The bad news was that Chain hadn’t found a complex molecule, but a relatively simple one, though, again in Chain’s words, “it became very interesting to find out which structural features were responsible for the instability. It was clear that we were dealing with a chemically very unusual substance.” The good news was that the mice tolerated it almost completely, which suggested that, unlike almost every other promising antibacterial compound, it seemed safe. Even better: the extract, once excreted in urine, was a) nearly as brown as the compound injected, and b) still strongly bactericidal.
The Dunn team was on the verge of isolating a substance that killed pathogens without damaging their hosts. Which made it highly interesting medically.

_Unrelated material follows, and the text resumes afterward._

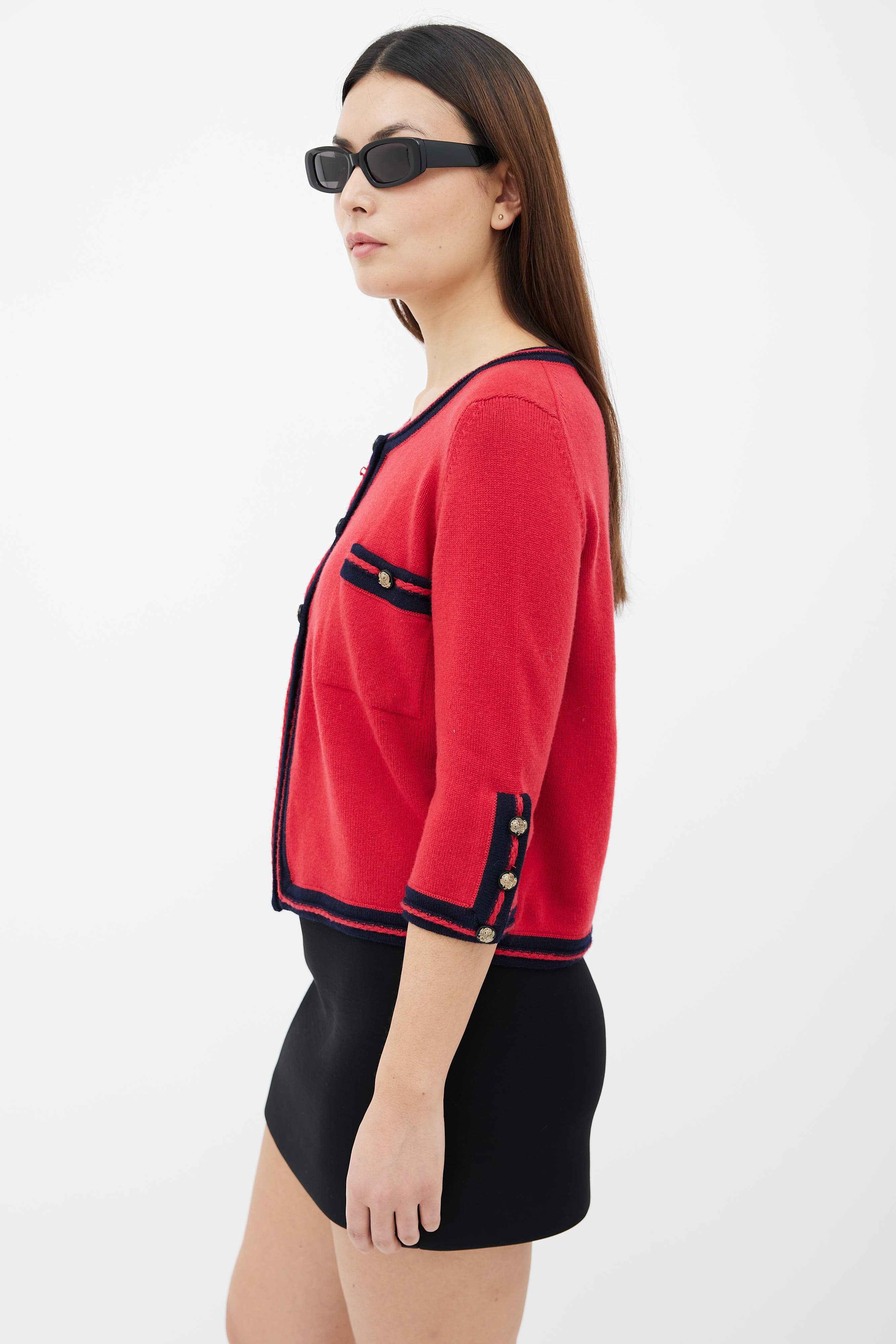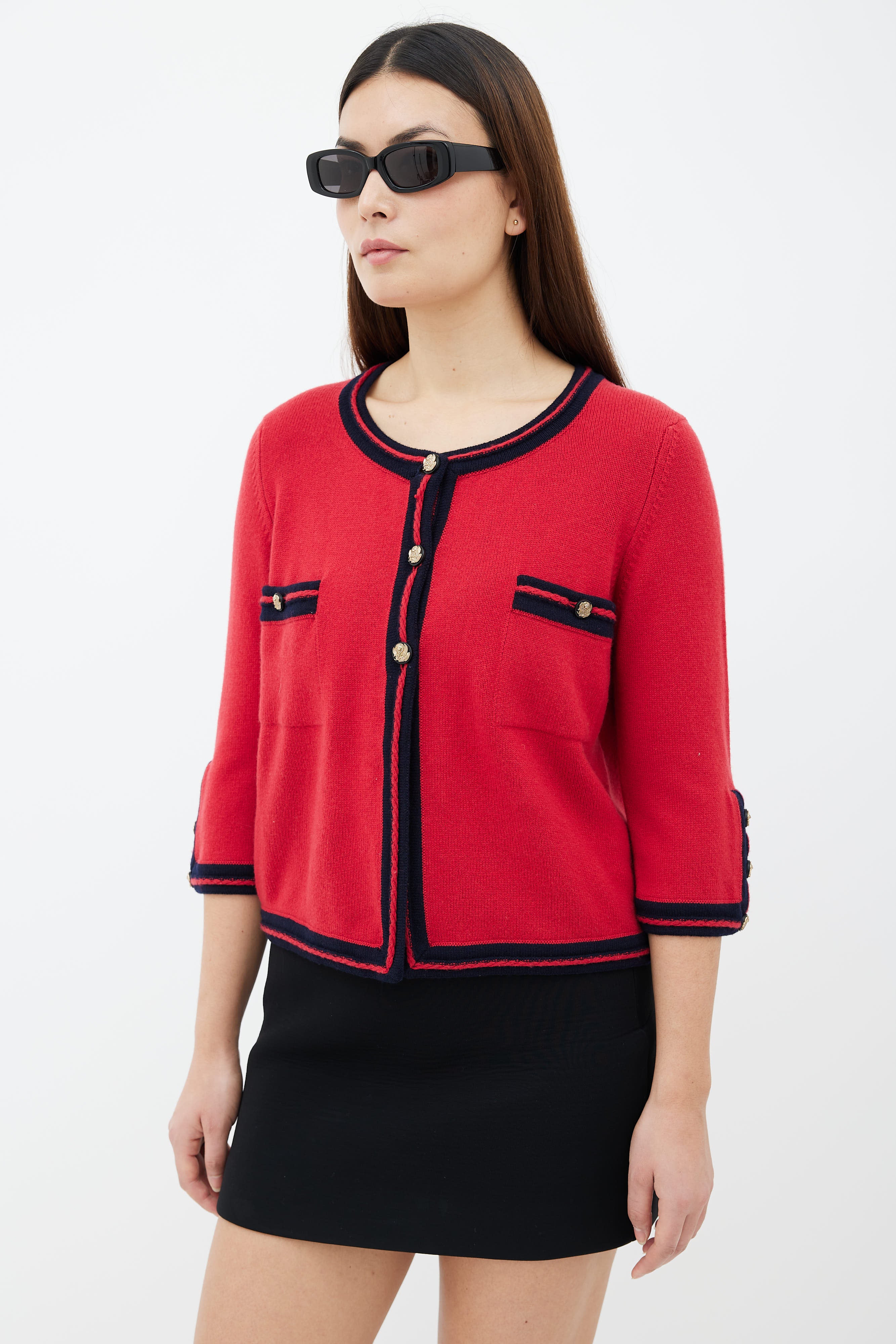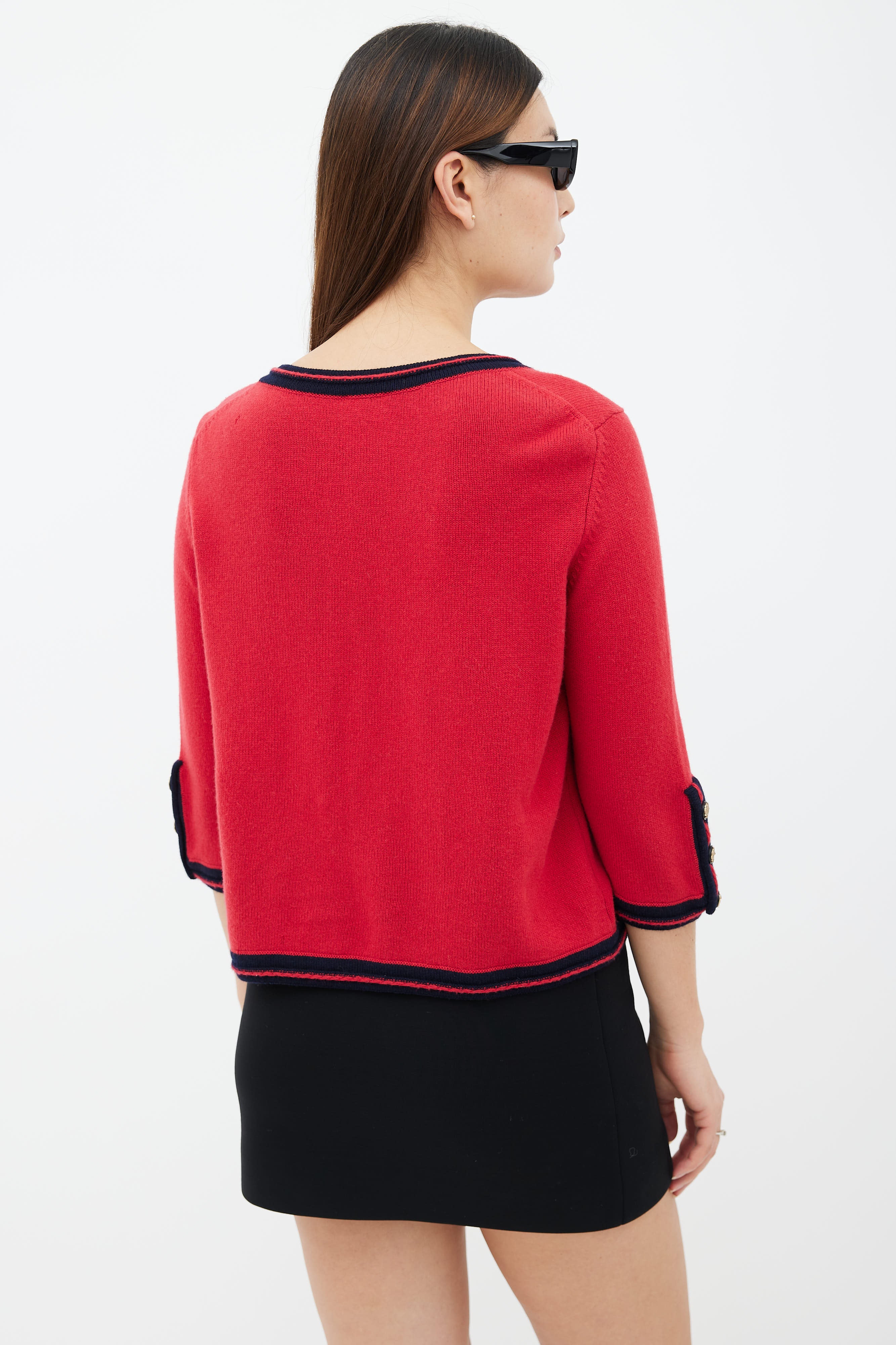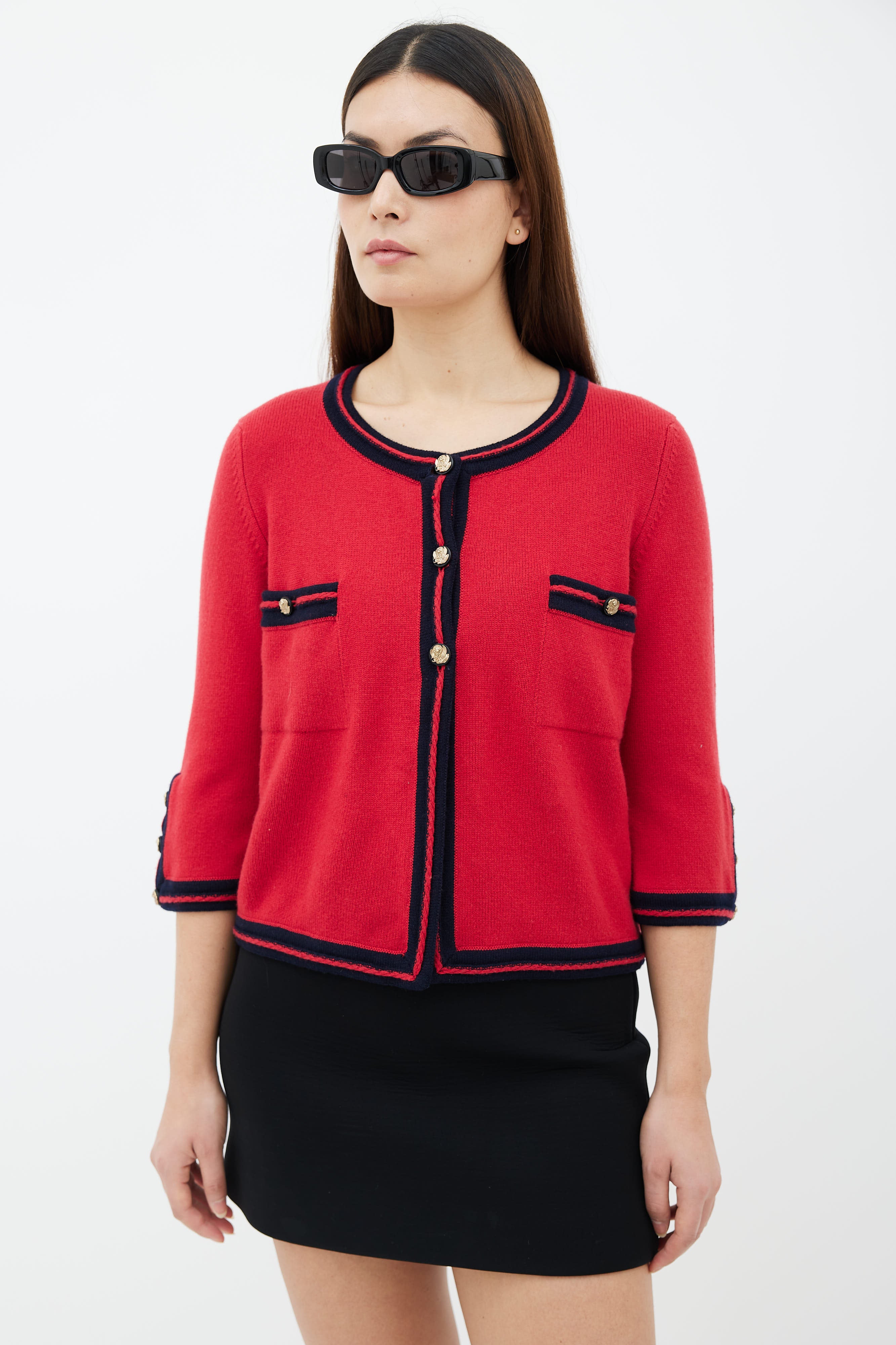 Pre-owned Chanel red cashmere cardigan featuring navy trim throughout, round collar, three-quarter sleeves with three buttoned cuff, three front button closure, black button with gold-tone plaque design throughout and two chest buttoned pockets.

Howard Florey made penicillin the Dunn School’s number one priority. Two months after Chain’s first test, at 11:00 A.M. on May 25, 1940, Florey infected eight mice with Streptococcus pyogenes, the pathogen responsible for infections like strep throat, impetigo, erysipelas, and even the flesh-eating nightmare, necrotizing fasciitis. At noon, two mice were given 10 milligrams of penicillin, and another two were given 5 milligrams. Follow-up doses were given at 4:15, 6:20, and 10:00. Just before midnight, as Heatley recorded in his lab notebook, “one mouse got up and staggered about for a few seconds, then fell down, twitched once or twice, and was dead.” By 4:00 A.M. on May 26, all four of the controls had died.
All four of the treated mice survived.
The following day, as the Battle of France raged, nearly seven hundred British ships and small craft started evacuating what Prime Minister Winston Churchill called the “root and core and brain of the British Army” from Dunkirk. It would be four years before they would return, on June 6, 1944: D-day. When they began the liberation of France, the most important and valuable medicine used by their medics and field hospitals would be the same substance that had saved four of the Dunn School’s mice.